Expert Tips to Simplify Property Discussions and Make Informed Decisions in the Midst of Divorce Proceedings.
Overcoming the Challenges and Making the Right Choices.
If you’re going through a separation and co-own property with your ex-spouse, remember these essential points:
Seek legal advice before leaving the shared property, as doing so could potentially forfeit your entitlement to it.
For married couples, a claim on property must be made within 12 months of the Divorce Order, and for de facto couples, within 2 years of the separation. It’s crucial to act promptly to ensure a fair division of property and financial settlements.
Consult with a Bank Home Finance Manager and a family lawyer to make informed decisions and develop effective strategies.

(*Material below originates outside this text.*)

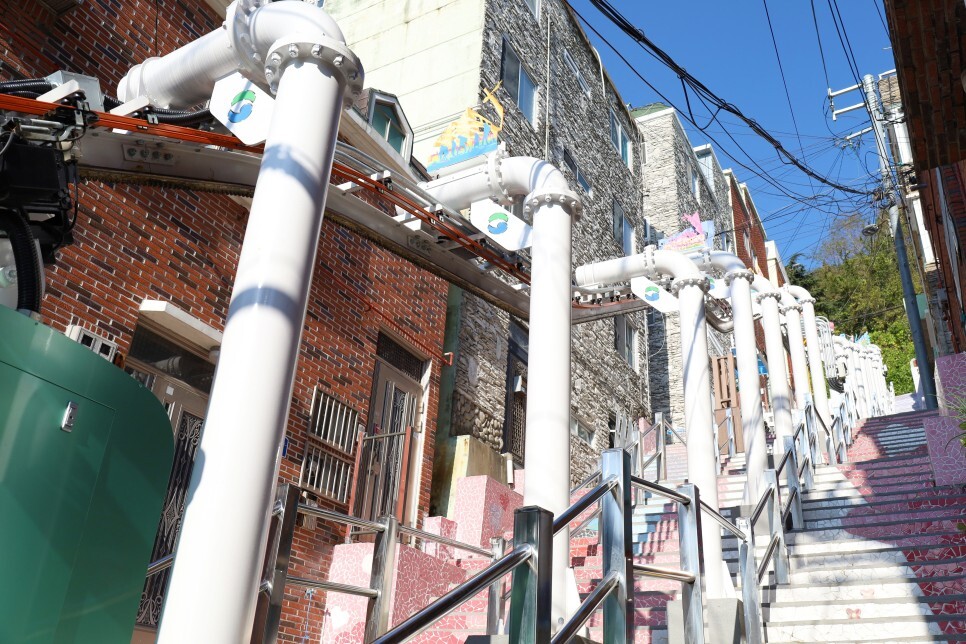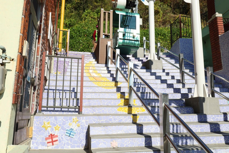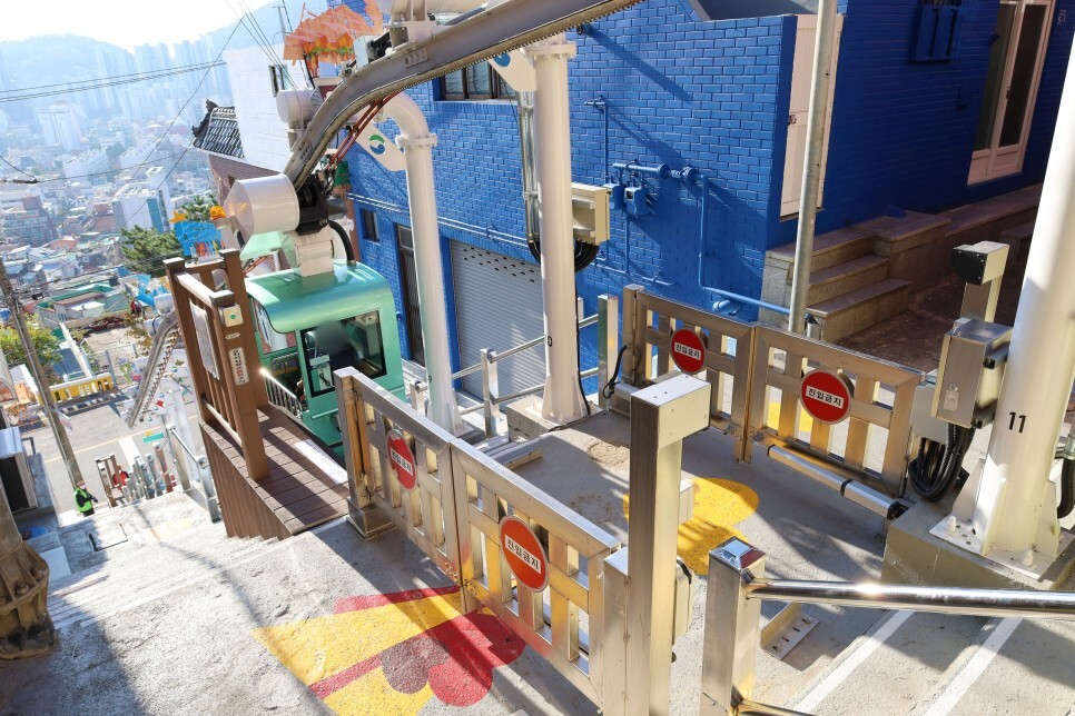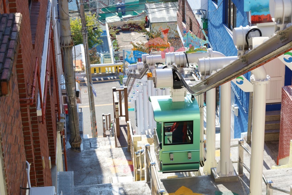 192개의 가파른 계단을 오르며 주민들이 많은 불편을 겪고 있었는데 국내 최초 현수식 모노레일이 생기면서 주민들의 간절한 소원이 이루어진 것 같습니다. 주민들의 보행환경 개선은 물론이며 조형물, 벽화, 야간 조명난간 등의 관광 요소까지 갖추었네요.

Your lawyer will assess your financial position, as well as the assets and liabilities acquired during the relationship, to provide tailored advice on property matters.
Navigating the Complexities of Property Ownership When Sharing Assets with Another Person.
If you and your ex-spouse or partner co-own property, there are several options you may consider for financial settlement:
Divide the proceeds from selling the property.
Assume sole responsibility for the mortgage and release your ex from their obligations.
Refinance the mortgage to buy out your ex’s share of the property.
Transfer the title of the property to your ex in exchange for an equity payout from them.
Establish a cohabitation agreement that outlines financial responsibilities, such as mortgage payments and outgoings, during a defined period of time, and includes plans for property division at the end of the term.
Things to Consider Before Taking Over a Mortgage
If you’re thinking about taking over a mortgage, refinancing, or applying for a new home loan, it’s important to keep in mind:
You will need a steady source of income that can support you, your family or dependents, and cover any mortgage repayments.
You must be able to provide evidence of your income, such as payslips, during the loan application process.
It’s wise to have some financial cushion to prepare for potential interest rate hikes or unforeseen expenses.
The bank will assess your previous mortgage payment history and your ability to afford the loan based on your monthly expenses.
Consider which type of home loan suits your needs best.